Health Affairs: Mortality, healthcare spending have minimal correlation

Little correlation was found between mortality rates and costs for seven of the most common diagnoses, and researchers said that healthcare expenditures may in fact provide inconsistent value, according to the results of a study published in the September issue of Health Affairs.

“As rapid U.S. healthcare spending growth continues, the question of whether additional dollars purchase better health or unnecessary care remains in sharp focus for policy makers, large employers, and other stakeholders,” the authors wrote.

To investigate, Michael B. Rothberg, of Tufts University School of Medicine in Boston, and Baystate Medical Center in Springfield, Mass., and colleagues assessed variations in mortality and cost for seven common diagnoses—acute myocardial infarction, chronic obstructive pulmonary disease, community-acquired pneumonia, congestive heart failure (HF), ischemic stroke, sepsis and urinary tract infection—at 122 U.S. hospital sites between 2000 and 2004.

Researchers used data from the Healthcare Cost and Utilization Project (HCUP) Nationwide Inpatient Sample (NIS), which includes data from an estimated five to eight million hospital stays across 26 states. The researchers used regression models to calculate mortality and cost and adjusted for inflation for each year and diagnoses.

To get results, the researchers calculated the cost per life saved by dividing the absolute change in adjusted cost by the absolute change in adjusted mortality.

Compared to 2000, patients in 2004 were less likely to be white, hold private health insurance and had lower incomes that were listed below $45,000; however, there was a rise in comorbidities and the number of hospital admissions for the seven aforementioned diagnoses increased 6 percent.

The researchers found that admissions for most of the common diagnoses incurred volume changes of less than 10 percent; however, hospital admissions for sepsis increased 42 percent and admissions for urinary tract infections increased by 24 percent.

Additionally, the results showed that relative mortality was 1 percent for sepsis and 21 percent for acute MI. MI, pneumonia and HF exhibited the greatest reductions in mortality, and these are the three diseases that have active public reporting initiatives, the authors noted.

Rothberg and colleagues also found that older patients had larger absolute reductions because they exhibited higher baseline mortality rates. But, for acute MI, the oldest patients had a greater decrease in relative risk and absolute risk.

The researchers also found that costs for all diagnoses increased across the study period and in 2004 costs per case for urinary tract infection and acute MI were $1,251 and $5,047, respectively. Increases in cost were lowest for pneumonia and highest for HF, 26 percent and 60 percent, respectively. And while costs inflated most for those age 55-65, patients 85 and over saw the smallest cost increases.

The researchers found that the additional spending on healthcare that occurred during the time period to be $167,000 for phenomena (per additional life saved) and $834,000 for urinary tract infections and $1.8 million for sepsis.

“As a result, the cost to save one additional life-year as a result of improvements in care varied greatly within and across diagnoses, from as little as $11,900 for an elderly patient with acute MI  to more than $190,000 for a patient of similar age with sepsis,” the authors wrote.

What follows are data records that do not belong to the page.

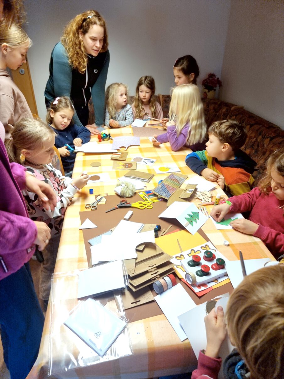 Im Anschluss an das Bilderbuchkino wurden die Kinder selbst kreativ. Bei einer Bastelaktion gestalteten sie Weihnachtskarten, die sie stolz mit nach Hause nehmen durften.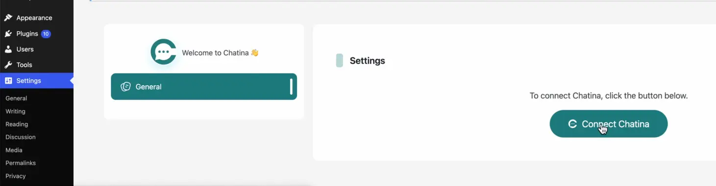 after activating this plugin we will have new menu under the settings menu by the name chatina and I have to click on chatina menu and click connect chatina to connect my website to chatina it says do you accept to connect your chatina account with this email address and I’ll say yes connect it to chatina then my chatina is account is connected to my website easy peasy
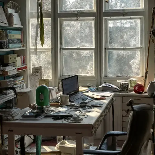 His presence lingers in scattered notebooks, a digital tablet left charging, a headset draped over the chair, a stack of printed contracts, and a sleek briefcase pushed under the desk. Daily routines—client calls, coding sprints, and financial reviews—are readable in the frozen monitor, sticky coffee stains, and penciled notes indicating valuations. Temperament appears fastidious yet absorbed in work, leaving traces rather than people.
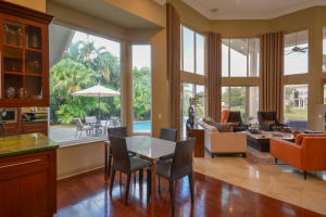 Spectacular lake view, open floor plan, beautifully renovated one story in soft contemporary style, featuring a chef's gourmet kitchen with top of the line stainless steel appliances, 4 en suite bedrooms plus media room, large outdoor entertainment area with pool and covered loggia. The information herein is deemed reliable and subject to errors, omissions and changes without notice. All measurements are approximate.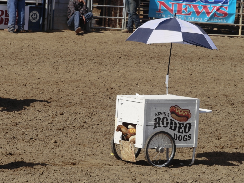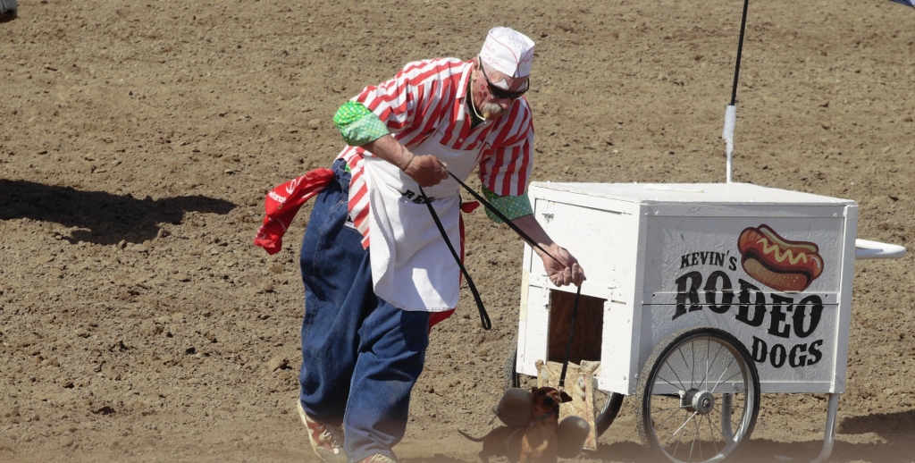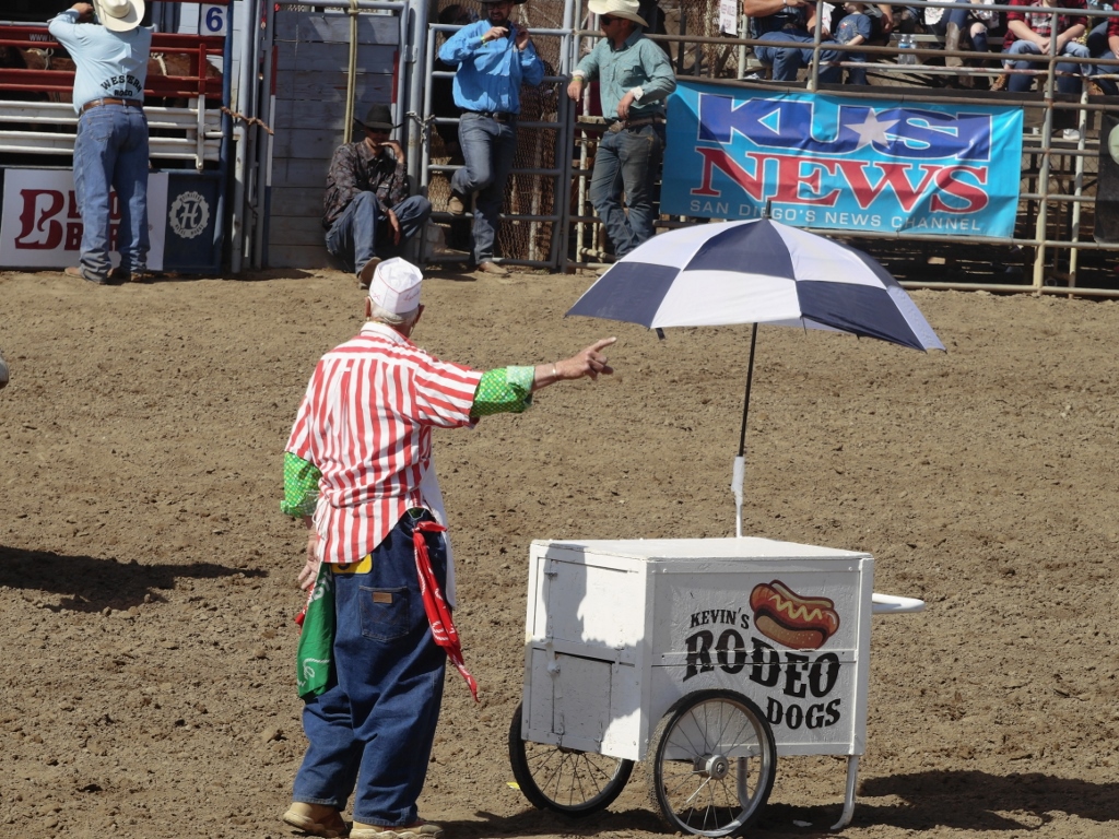 The most hilarious bit of zanyism that I’ve seen recently was at yesterday’s rodeo. It involved a hot dog vender who pushed his cart right up to the middle of the arena.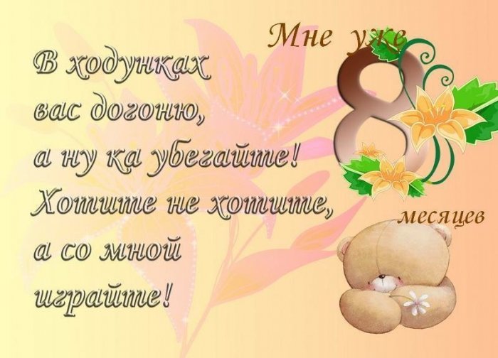 Ты, малыш, расти здоровым,Детская открытка «С 8 месяцами

“Over the past thirty years, healthcare spending and spending growth in the U.S. have consistently outpaced those of other developed countries,” the authors wrote. “Unlike some other governments, which have made concerted efforts to assess the cost-effectiveness of the care they provide, the U.S. government has intentionally avoided considerations of cost in care decisions. This decision has contributed to price increases that are not necessarily tied to improvements in quality.

“Current trends in healthcare delivery, such as improved adherence to guidelines and more frequent use of efficacious therapies might be expected to contribute to the decline in mortality from acute MI, pneumonia or congestive HF,” the authors concluded. It is not known, however, what changes in the treatment of stroke, pulmonary disease, or urinary tract infection caused costs to rise by 30 percent and mortality to fall by 14 percent.”

The authors said that future studies are needed to address the correlations between treatments and costs in order to make a comparison between care and cost.